Items from a data source:
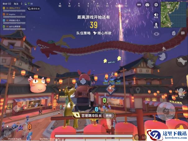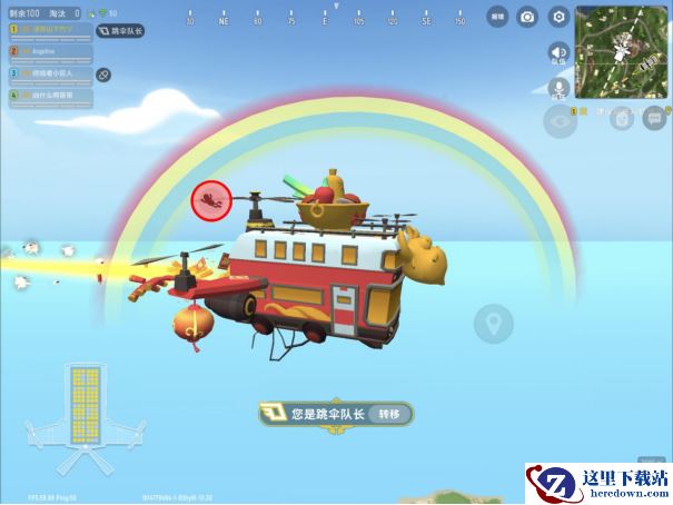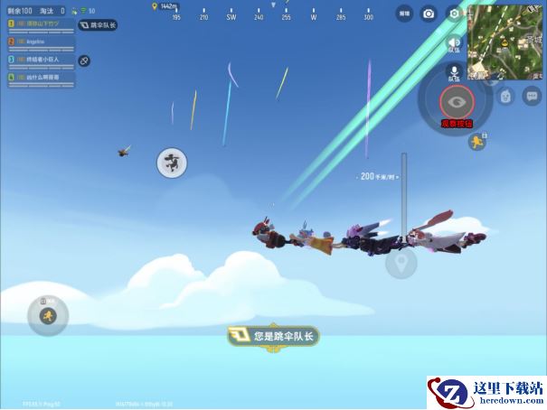 3、派对开始后,所有玩家乘坐飞行巴士飞过派对地图上空,玩家通过点击屏幕上跳伞按钮,自由选择降落地点。(跳伞前可点击右上角地图,在大地图上点击标记落点)
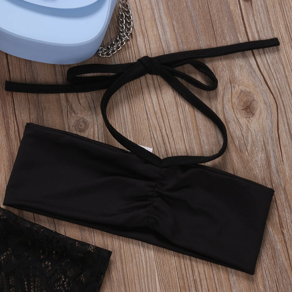 Купальник-бикини для маленьких девочек, комплект из 3 предметов, кружевная одежда с цветами, От 1 до 6 лет
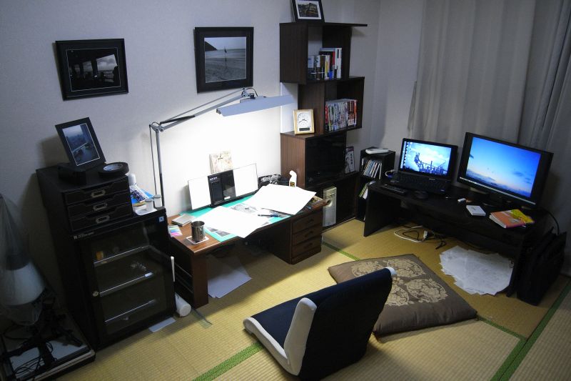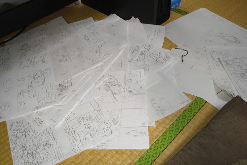 右側のテーブルの下にはネームの残骸がある。
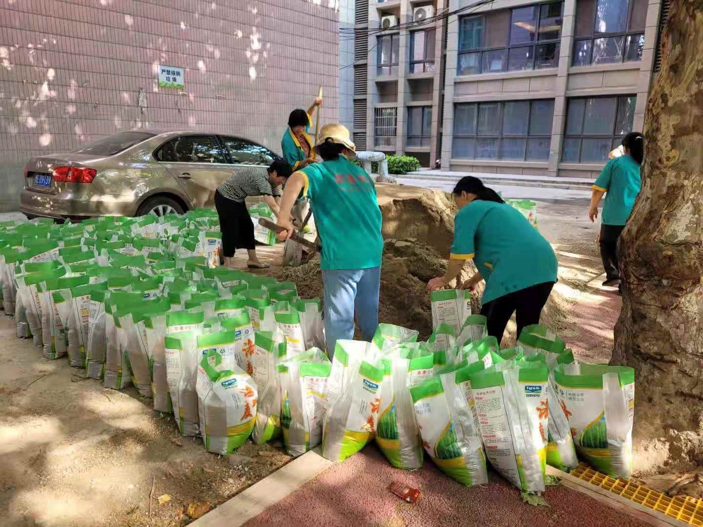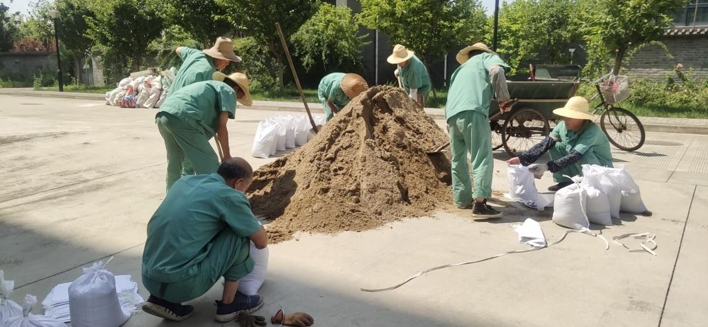 物業(yè)人員檢查、裝填防汛沙袋
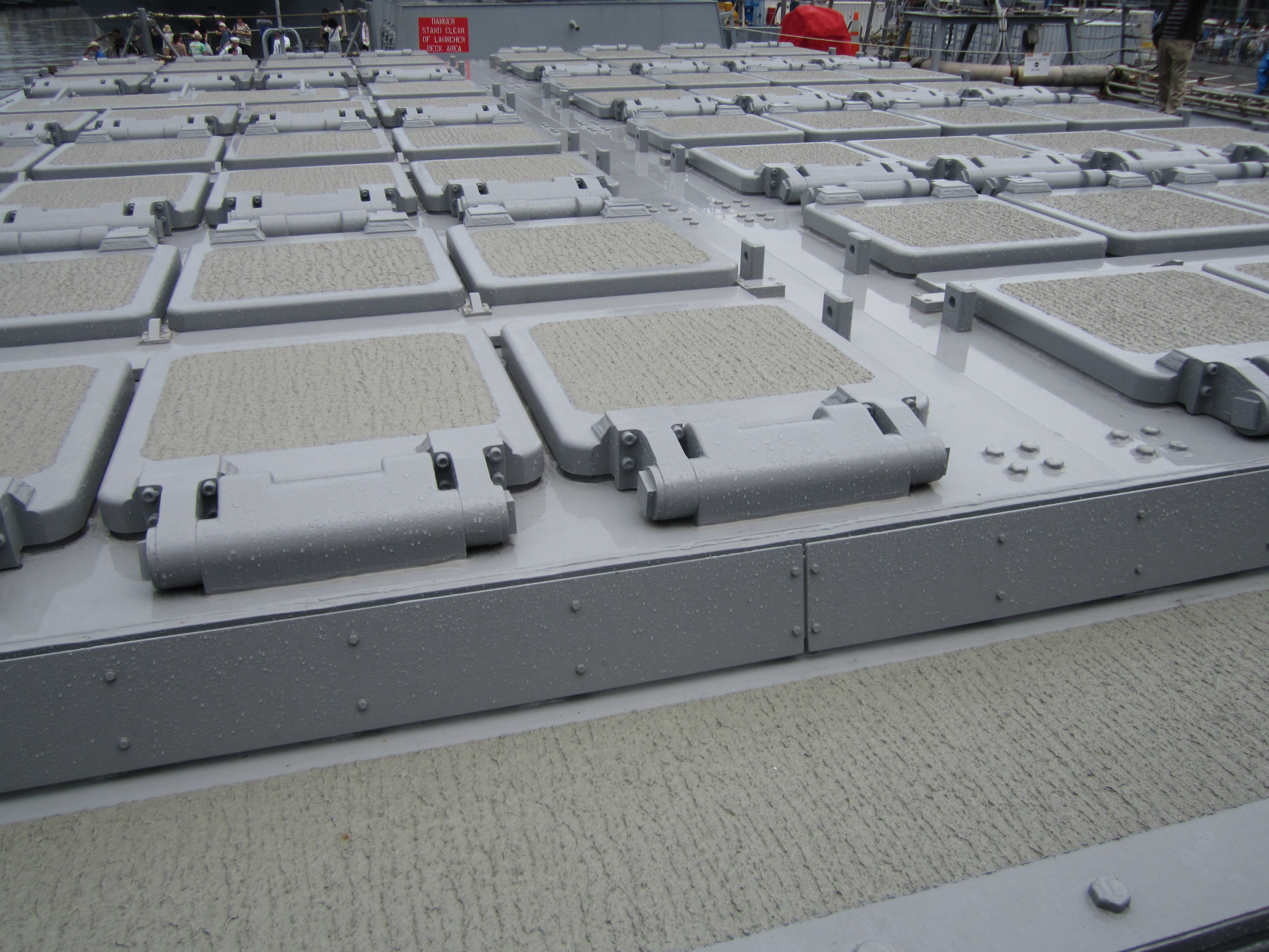 船首、船尾側にそれぞれ VSL(垂直発射システムミサイル)が配備されています。また、本艦はBMD(弾道 ミサイル防衛)も可能とのことです。 |
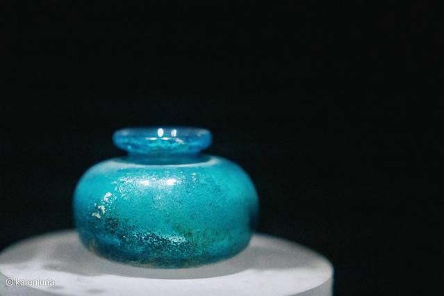 展厅的标签里虽然只写了简简单单的“玻璃小瓶”几个字,但确是经过1600年时光也未曾消磨绚烂的千年花华。于是自此在这历史的长河里,有一种蓝被叫“北魏蓝”。而这珍贵与独特的色彩,即使在这灯光昏暗的展厅里,也静静闪耀着它历史的温度。
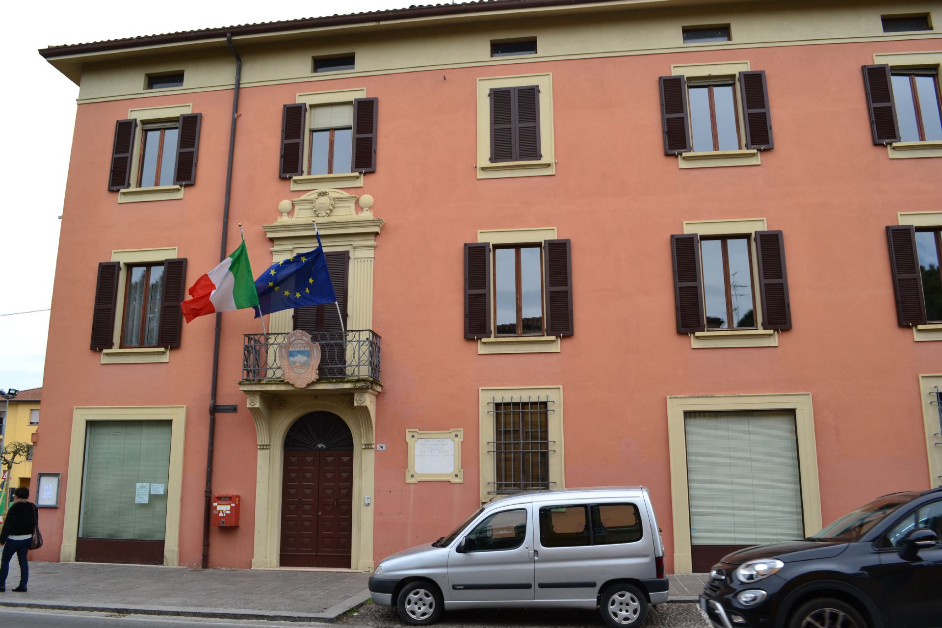 Con la progressiva definizione delle competenze dei comuni, si rese necessario progettare nel capoluogo "un fabbricato ad uso di residenza della magistratura". Fu l'Ing. Ciro Galassi a presentare il progetto per la sua realizzazione, in prima istanza nel 1835 poi nel 1836 (con un ampliamento del progetto che prevedeva il secondo piano). Il progetto fu approvato dal comune e autorizzato dal Cardinal Legato di Bologna già nel 1836, data in cui fu indetta la gara d'appalto. Nel 1837 Luigi Bandiera, Priore di Baricella, si aggiudica l'appalto per 1325 scudi e iniziano i lavori il giorno 20 febbraio 1837 sul terreno appena acquisito dalla Opera Pia dei Poveri Vergognosi. Il fabbricato ospitava originariamente: un locale per la scuola, uno per i carabinieri e uno per la prigione. Al primo piano la Sala Consiglio con due uffici e al secondo alcune stanze adibite ad abitazione.
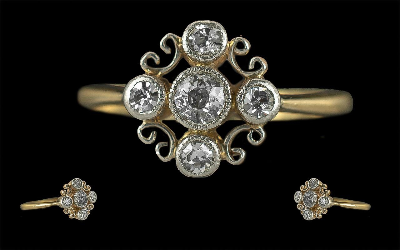 Edwardian Period 1902 - 1910 18ct Gold Diamond Set Petite Ring of Pleasing Form, With Full Hallmark to Interior of Shank, The Pave Set Round Faceted Diamonds of Good Colour, Ring Size L - M, Weight 1.9 grams.
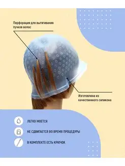 Шапочка парикмахерская для мелирования силиконовая с крючком
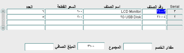 بتاريخ: 1 أغسطس 20169 سنة comment_276804 على افتراض ان لديك جدولين الأول جدول الفاتورة Bills يحتوي على ( رقم الفاتورة ، تاريخها ، العميل ، المبلغ ..... الخ ) والثاني جدول الأصناف Items ويحتوي على ( رقم الفاتورة Bill_no ، رقم التسلسل ، رقم الصنف ، اسم الصنف ، .... الخ) يربط بينهما رقم الفاتورة حيث ، رقم الفاتورة في جدول الأصناف مرتبط برقم الفاتورة في جدول الفواتير فعند اضافة الاصناف ومعرفة التسلسل استخدم الاستعلام التالي select nvl(Max(رقم_التسلسل),0) +1 from جدول_الأصناف where رقم_الفاتورة = :رقم_الفاتورة في الفورمة هكذا select max(nvl(Serial,0)) +1 into :serial from Items where Items.Bill_no = :Bill_no وشكراً تم تعديل 1 أغسطس 20169 سنة بواسطة Faisal Matari تقديم بلاغ
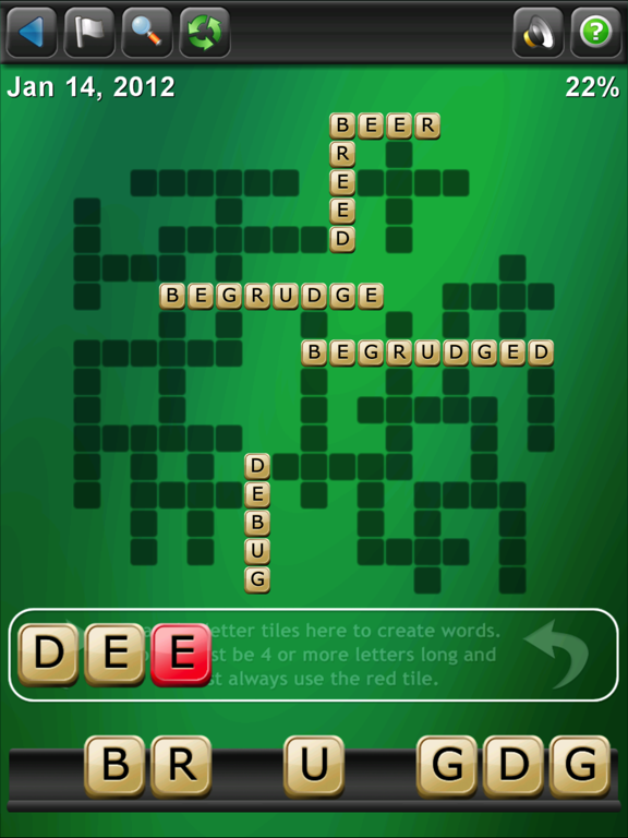In each Bewilderword puzzle a 9 letter word has been scrambled and all of the words that can be made from those 9 letters have been laid out and hidden in a crossword-like pattern for you to find. The only catch is that each of the hidden words must contain the highlighted red letter tile.
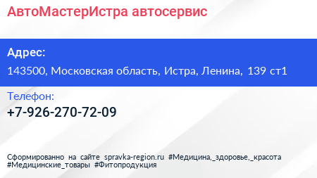 АвтоМастерИстра, автосервис по адресу 143500, Московская область, Истра, Ленина, 139 ст1 в дальнейшем Организация, размещена в следующих категориях:

▶ [Your instructions]:
Each line of the data must be transcribed exactly; pictures are not carried over.

▶ [Solution below]:
 3、派对开始后,所有玩家乘坐飞行巴士飞过派对地图上空,玩家通过点击屏幕上跳伞按钮,自由选择降落地点。(跳伞前可点击右上角地图,在大地图上点击标记落点)
 Купальник-бикини для маленьких девочек, комплект из 3 предметов, кружевная одежда с цветами, От 1 до 6 лет
 右側のテーブルの下にはネームの残骸がある。
 物業(yè)人員檢查、裝填防汛沙袋
 船首、船尾側にそれぞれ VSL(垂直発射システムミサイル)が配備されています。また、本艦はBMD(弾道 ミサイル防衛)も可能とのことです。 |
 展厅的标签里虽然只写了简简单单的“玻璃小瓶”几个字,但确是经过1600年时光也未曾消磨绚烂的千年花华。于是自此在这历史的长河里,有一种蓝被叫“北魏蓝”。而这珍贵与独特的色彩,即使在这灯光昏暗的展厅里,也静静闪耀着它历史的温度。
 Con la progressiva definizione delle competenze dei comuni, si rese necessario progettare nel capoluogo "un fabbricato ad uso di residenza della magistratura". Fu l'Ing. Ciro Galassi a presentare il progetto per la sua realizzazione, in prima istanza nel 1835 poi nel 1836 (con un ampliamento del progetto che prevedeva il secondo piano). Il progetto fu approvato dal comune e autorizzato dal Cardinal Legato di Bologna già nel 1836, data in cui fu indetta la gara d'appalto. Nel 1837 Luigi Bandiera, Priore di Baricella, si aggiudica l'appalto per 1325 scudi e iniziano i lavori il giorno 20 febbraio 1837 sul terreno appena acquisito dalla Opera Pia dei Poveri Vergognosi. Il fabbricato ospitava originariamente: un locale per la scuola, uno per i carabinieri e uno per la prigione. Al primo piano la Sala Consiglio con due uffici e al secondo alcune stanze adibite ad abitazione.
 Edwardian Period 1902 - 1910 18ct Gold Diamond Set Petite Ring of Pleasing Form, With Full Hallmark to Interior of Shank, The Pave Set Round Faceted Diamonds of Good Colour, Ring Size L - M, Weight 1.9 grams.
 Шапочка парикмахерская для мелирования силиконовая с крючком
 بتاريخ: 1 أغسطس 20169 سنة comment_276804 على افتراض ان لديك جدولين الأول جدول الفاتورة Bills يحتوي على ( رقم الفاتورة ، تاريخها ، العميل ، المبلغ ..... الخ ) والثاني جدول الأصناف Items ويحتوي على ( رقم الفاتورة Bill_no ، رقم التسلسل ، رقم الصنف ، اسم الصنف ، .... الخ) يربط بينهما رقم الفاتورة حيث ، رقم الفاتورة في جدول الأصناف مرتبط برقم الفاتورة في جدول الفواتير فعند اضافة الاصناف ومعرفة التسلسل استخدم الاستعلام التالي select nvl(Max(رقم_التسلسل),0) +1 from جدول_الأصناف where رقم_الفاتورة = :رقم_الفاتورة في الفورمة هكذا select max(nvl(Serial,0)) +1 into :serial from Items where Items.Bill_no = :Bill_no وشكراً تم تعديل 1 أغسطس 20169 سنة بواسطة Faisal Matari تقديم بلاغ
In each Bewilderword puzzle a 9 letter word has been scrambled and all of the words that can be made from those 9 letters have been laid out and hidden in a crossword-like pattern for you to find. The only catch is that each of the hidden words must contain the highlighted red letter tile.
 АвтоМастерИстра, автосервис по адресу 143500, Московская область, Истра, Ленина, 139 ст1 в дальнейшем Организация, размещена в следующих категориях:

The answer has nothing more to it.